Francesco Agliata, Danilo Tuccillo, Andrea Rey, and Maria Rita Filocamo focus on the information inadequacy of public administrations and the consequent need to imagine an overall reporting system for a fruitful dialogue with the reference community.
Isaac Akomea-Frimpong, Ikenna Elias Asogwa, and Emmanuel Junior Tenakwah review the current state of the literature on the incorporation of sustainability principles in corporate governance practices of SMEs, validate the outcomes and set future research agenda.
Yuwei Wang, Shang-Yin Yang, and Chia-Wei Chen study the relationship between directors’ liability insurance and board meeting attendance and find that they are positively associated.
Anju Kalluvelil Janardhanan and Uma Vakadae Ramkumar explore the role of enterprise risk management, Big4 auditors and firm characteristics on firm value in the Indian manufacturing sector.
Chia-Wei Chen, Bingsheng Yi, Meng Zhao, and Qiancheng Zheng deal with the questions of whether and how female board representation will affect firms’ capital structure using a sample of 16,477 firm-year observations during the period from 2006 to 2017.
Rawia Ahmed, Randika Eramudugoda, and M. Fernanda Wagstaff analyze the relationship between the CEO and board chair from a resource dependence perspective in the context of dyadic conflict between them.
Yu-Hsin Lu, Yu-Cheng Lin, and Fang-Ci Gu construct a litigation warning model for auditors to assess audit risk when they evaluate whether accept or terminate an engagement, thus improving audit quality and preventing losses due to litigation.

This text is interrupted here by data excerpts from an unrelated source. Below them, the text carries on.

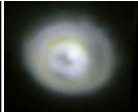
Big lantern head 12 feet
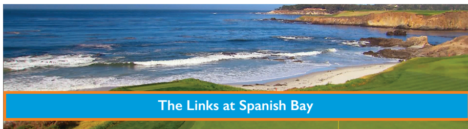
The Links at Spanish Bay
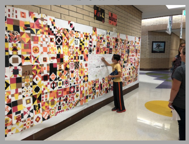
Specialty Teachers Integrating Core Curriculum (art display using figurative language)

Mohammad A. Ta’Amnha, Omar M. Bwaliez, Ghazi A. Samawi, and Mohammad F. Al-Anaswah estimate the relationship between transformational leadership and change-oriented organizational citizenship behavior based on basic assumptions of the job demand-resource model, social exchange theory, and behavioral plasticity theory.
Moataz Elmassri, Aisha Yusuf, Aya Khalf Allah, Maryam Al Shamsi, Rizvana Kaniyamparambil, and Shauq Majdi Al Ahbabi assess the attributes of the sustainability reports produced by public listed companies in the United Arab Emirates.

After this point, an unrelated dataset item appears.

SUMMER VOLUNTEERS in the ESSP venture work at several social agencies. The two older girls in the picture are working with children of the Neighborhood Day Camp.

Thomas Aaen and Rainer Lueg revisit the issue of the linkage between CEO pay and performance but with the difference that this paper only includes observable measures in the pay-performance sensitivity estimate.
Vishwa Hamendra Prasad, Ruvendra Nandan, and Nileshni Lata Sharma aim to use theoretical literature to develop propositions and suggest a research agenda on the implications of internal audit on corporate governance.
Ramiz Ur Rehman, Muhammad Ishafq Ahmad, Muhammad Akram Naseem, and Joe Ueng conduct research on the association of the number of confirmed COVID-19 cases and fatalities with stock market returns on the basis of daily stock indices/returns of the SSE and the NYSE from January 2, 2020, to April 2, 2020.
Finally, Mohamed Hegazy and Marwa Farghaly approach to identify the internal and the external auditors’ perceptions of how compliance with the IIA International Standards for the Professional Practices of Internal Auditing enhances the implementation of internal audit function as a corporate governance mechanism in the listed companies in an emerging economy.
We hope that the papers published in this issue would be interesting and provide important indications for scholars, practitioners and regulators.